I don't know about any case in Texas. I do know about a case in Missoula, Montana where a guy with the last name Kaarma shot a teenager in his garage. He had left the garage open hoping someone would enter illegally so he could shoot them. He blasted the German high school student four times with a shotgun. He tried to use the Castle Doctrine for his defense and failed. I didn't hear about anyone testifying about an altered shotgun. Please don't pop any blood vessels worrying about the inside of my G21 being too shiny, I know I won't! 
Goldwing


----------



## hud35500 (May 8, 2010)

"Some people you just can't reach!" Oh well, I tried!


----------



## Goldwing (Nov 5, 2014)

hud35500 said:


> "Some people you just can't reach!" Oh well, I tried!


I can see that you tried. I can't be reached with B.S. and bluster and referencing all of these cases where good shootings that turned into good guy convictions because their triggers weren't of a certain weight.
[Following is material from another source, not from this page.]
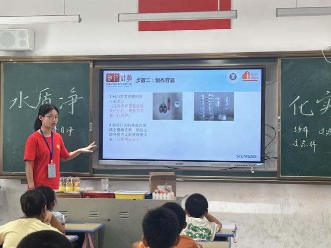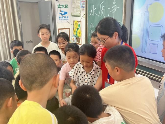 华大青年讯(通讯员 于继泓)为扩展学生关于水质净化方面知识,了解污染水源的相关危害,筑牢人与自然和谐共生的环保意识,7月22日上午,圣兵爱心社第二十五届爱心之旅上犹队队员黄粲云在江西省上犹县第五小学为同学们带来以“争做水质环保小卫士”为主题的水质实验课。本次实验课通过知识讲解、观察探究、小组实验等形式,取得了良好的教育成效。

Is there an actual shooting of a teenager in a garage in Texas, or are you referring to the Missoula shooting and ignoring the facts? Sorry HUD but I am forced to call BULLSHIT!
Goldwing


----------



## neorebel (Dec 25, 2013)

If the trigger is around 5 pounds you're fine. 

That is the industry standard. 

He probably just polished the surfaces and no one would know the difference as long as it's around 5 pounds anyway. 

When it comes to lawyers tell them as little as possible in court. NEVER elaborate or get cocky.


----------



## denner (Jun 3, 2011)

45acpnut said:


> Please give us specific cases where this has happened.


Maybe it has never happened, but I assume it has. This was written by an attorney for the Armed Citizen Legal Defense Network. Only you can decide, also remember just because you may not be convicted in a close call, most assuredly a civil suit will follow with the burden of proof being much, much, lower for the plaintiff's attorney. I'm not alluding to the OP's trigger job in this instance as reaching concern, but it's a good read none the less and very illustrative on how the courts, jury and prosecution may work depending. "You takes your chances."

https://www.armedcitizensnetwork.org/gun-modifications


----------



## Smitty79 (Oct 19, 2012)

I think the best trigger job for an EDC gun is lots of rounds down range. It will smooth things out and reduce the pull, like a limited polish job.


----------